The rocket blasted off from the Uchinoura Space Centre in Kagoshima, in south-west Japan, launched by the Japan Aerospace Exploration Centre (JAXA) and cheered on by hundreds of spectators both in Kagoshima and at a public viewing site in Tokyo.
It is hoped that this new Epsilon rocket will pave the way for a new, affordable generation of space rockets, having cost £23m, half as much to develop as its predecessor. Indeed, the previous M-5 model was withdrawn from service in 2006, as JAXA was unable to meet the rapidly rising maintenance costs.

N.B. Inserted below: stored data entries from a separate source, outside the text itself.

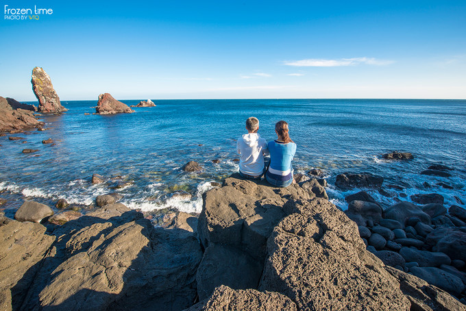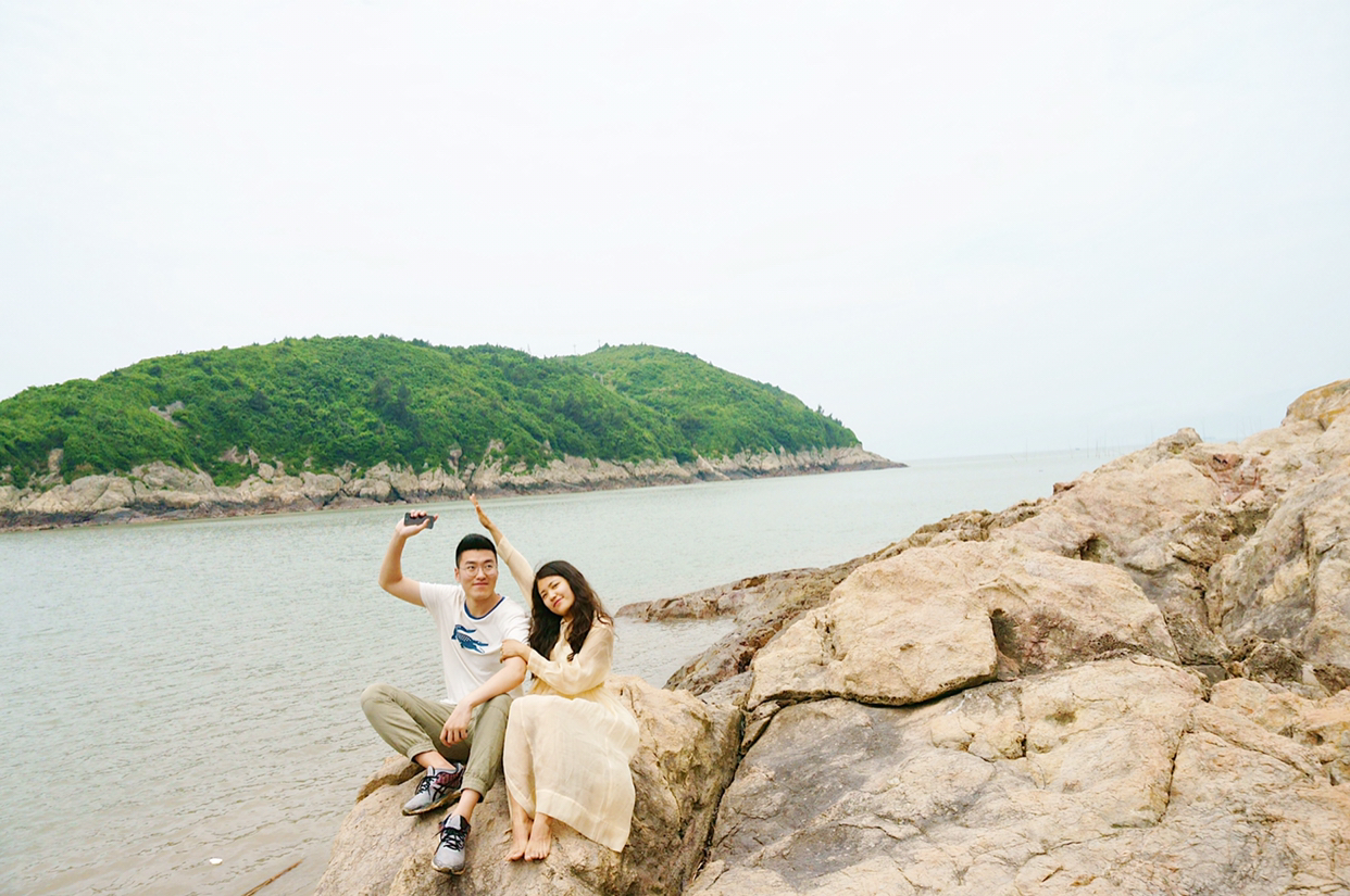 风变大了,有涨潮的迹象,快被海水包围了,赶快跑啊!次老师因为脚划伤了,只能脱一只鞋,哈哈哈哈哈哈哈哈哈。赶快绕道逃到右边的礁石上去
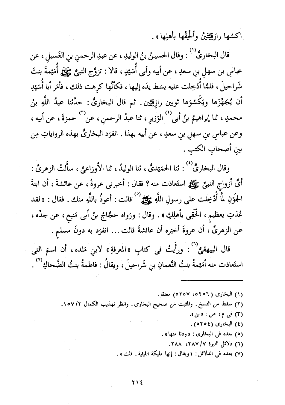 قَالَ الْبُخَارِيُّ: وَقَالَ الْحُسَيْنُ بْنُ الْوَلِيدِ، عَنْ عَبْدِ الرَّحْمَنِ بْنِ الْغَسِيلِ، عَنْ عَبَّاسِ بْنِ سَهْلِ بْنِ سَعْدٍ، عَنْ أَبِيهِ وَأَبِي أُسَيْدٍ، قَالَا: «تَزَوَّجَ النَّبِيُّ صَلَّى اللَّهُ عَلَيْهِ وَسَلَّمَ أُمَيْمَةَ بِنْتَ شَرَاحِيلَ، فَلَمَّا أُدْخِلَتْ عَلَيْهِ بَسَطَ يَدَهُ إِلَيْهَا، فَكَأَنَّهَا كَرِهَتْ ذَلِكَ، فَأَمَرَ أَبَا أُسَيْدٍ أَنْ يُجَهِّزَهَا وَيَكْسُوَهَا ثَوْبَيْنِ رَازِقِيَّيْنِ» . ثُمَّ قَالَ الْبُخَارِيُّ: حَدَّثَنَا عَبْدُ اللَّهِ بْنُ مُحَمَّدٍ، ثَنَا إِبْرَاهِيمُ بْنُ أَبِي الْوَزِيرِ، ثَنَا عَبْدُ الرَّحْمَنِ، عَنْ حَمْزَةَ، عَنْ أَبِيهِ، وَعَنْ عَبَّاسِ بْنِ سَهْلِ بْنِ سَعْدٍ، عَنْ أَبِيهِ بِهَذَا. انْفَرَدَ الْبُخَارِيُّ بِهَذِهِ الرِّوَايَاتِ مِنْ بَيْنِ أَصْحَابِ الْكُتُبِ.
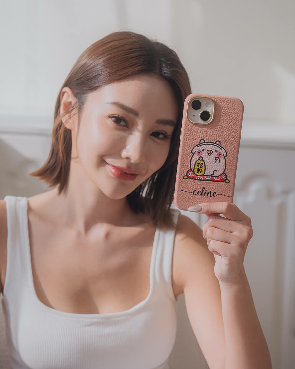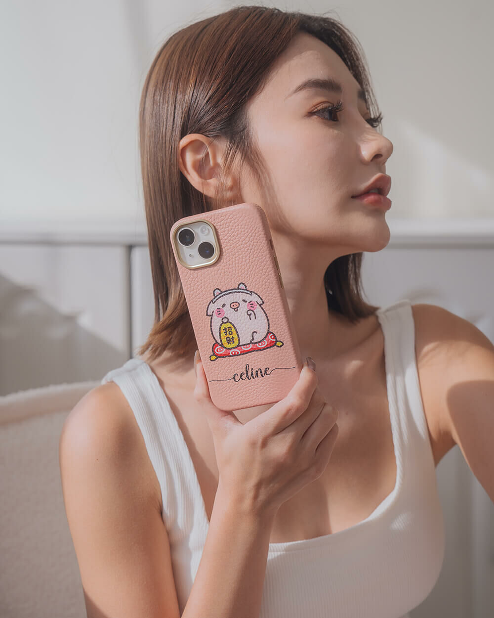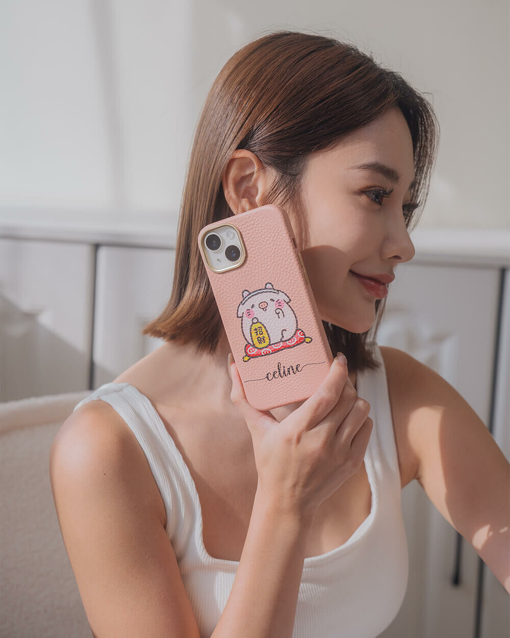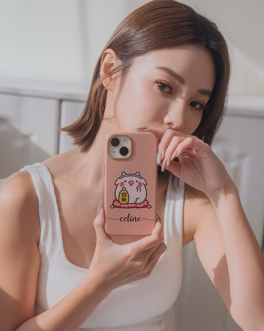 【插畫聯名】萌萌豬 我要招財 蜜荔殼 蜜荔粉皮革殼 - (訂製名字) iPhone客製化手機殼
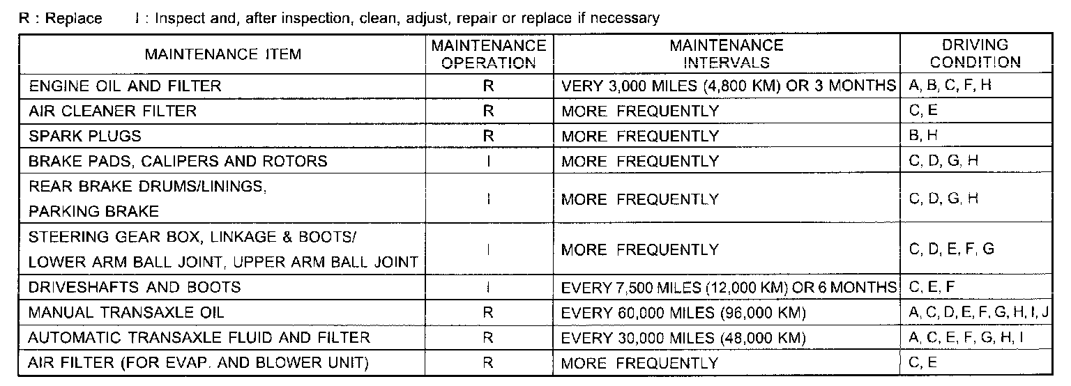 The following items must be serviced more frequently on cars normally used under severe driving conditions. Refer to the chart below for the appropriate maintenance intervals.
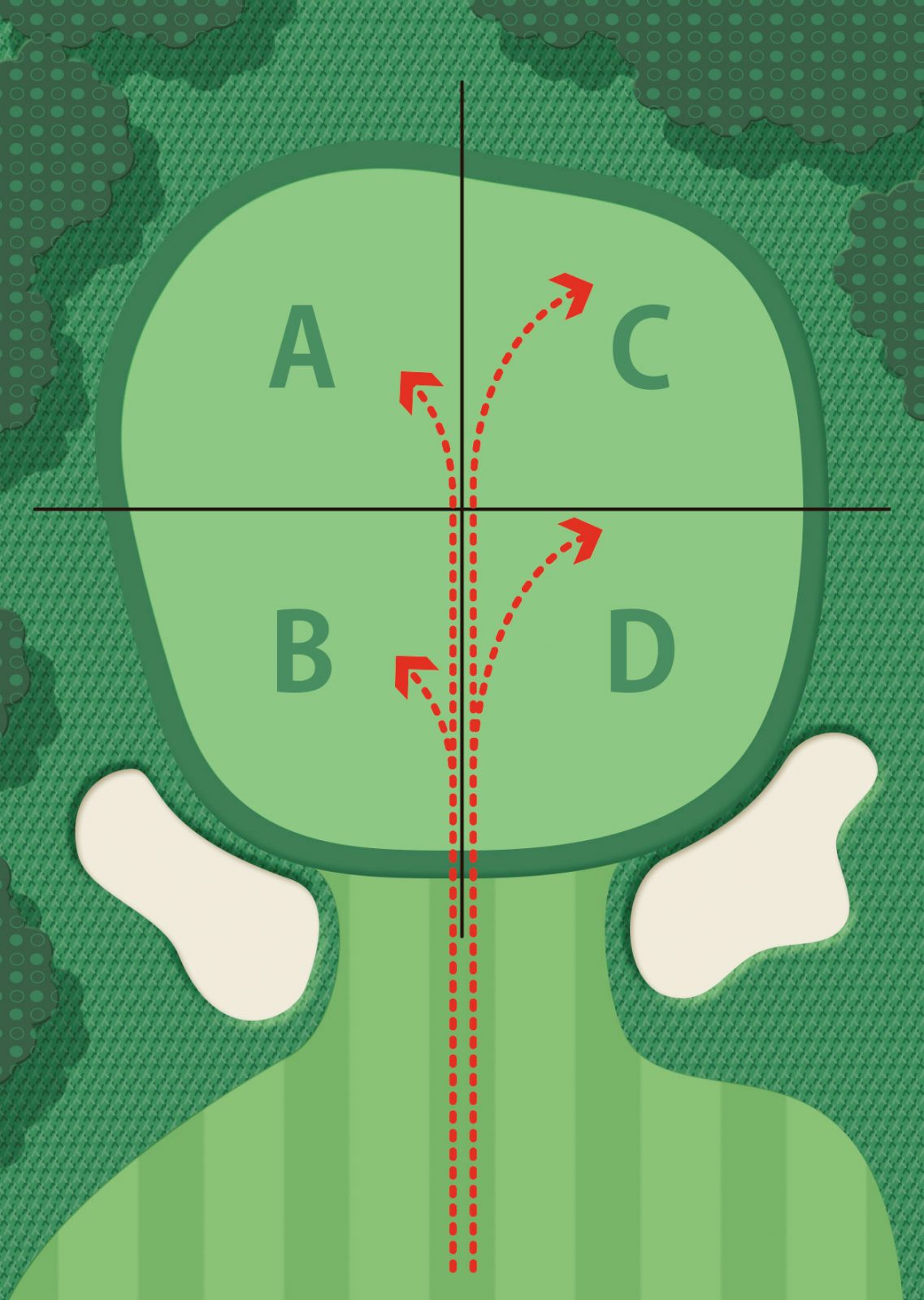 ツアープロは、グリーンを4分割にして緻密な戦術を練っています。下のイラストのようにA、B、C、Dの4つのブロックに分けて考えるのです。

At 24 metres long and with a weight of 91 tons, the model itself is much smaller than previous Epsilon designs, and uses artificial intelligence to perform safety checks, meaning it requires much less manpower than other space rockets. Indeed, as well as being much less expensive to develop, the launch process itself was also much cheaper than regular space rocket launches, as its use of AI and laptop computer-based command system reduced the amount of workers on site from the average 150 people to a mere eight.

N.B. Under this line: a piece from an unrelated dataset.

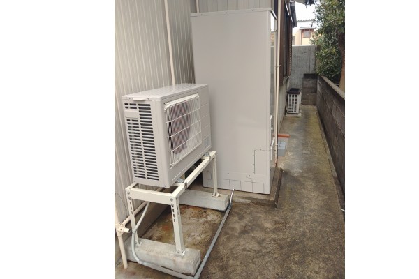 電気温水器の調子が悪くなりメーカーへ問い合わせしたが製造から10年以上経過しているので部品交換はできないと言われたそうで、ヤマキシへ問い合わせを頂きエコキュートへの取替となりました。
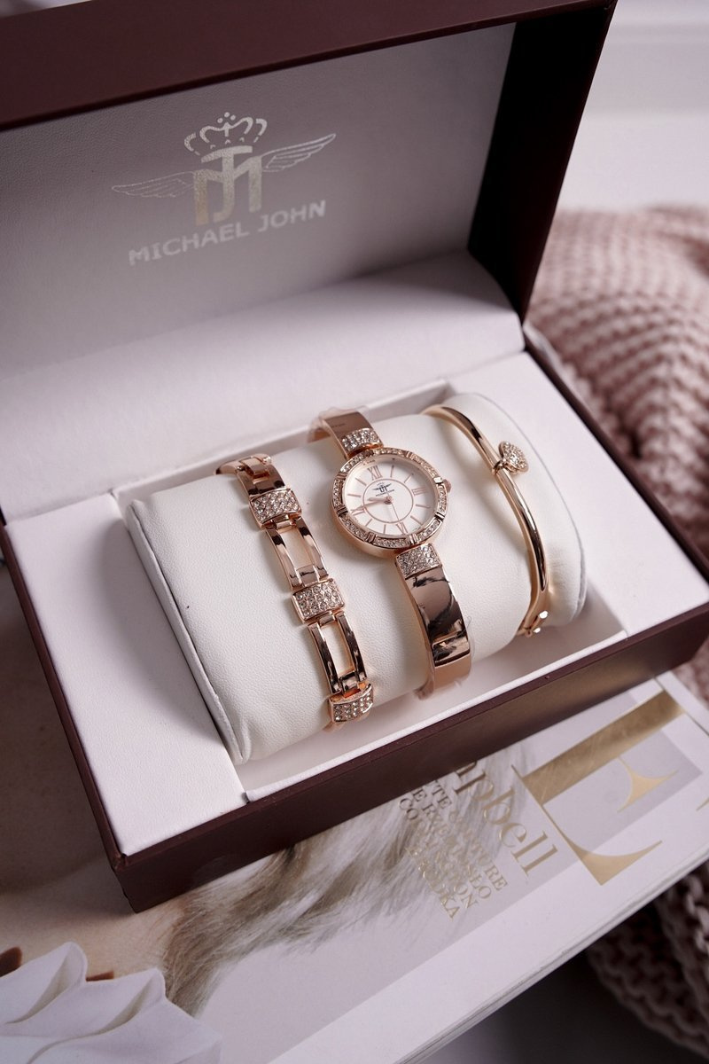 Women's Watch and Two Bracelets Set Michael John Pink Gold

Japan hopes this stripped-down approach will become competitive in the global space business. Epsilon was initially due to be launched on August 27th, but was called off at the last second – literally – after a ground control computer detected a positional abnormality, which was later found to be a false alarm. The space rocket will orbit Earth, and will observe planets remotely, including Mars, Venus and Jupiter.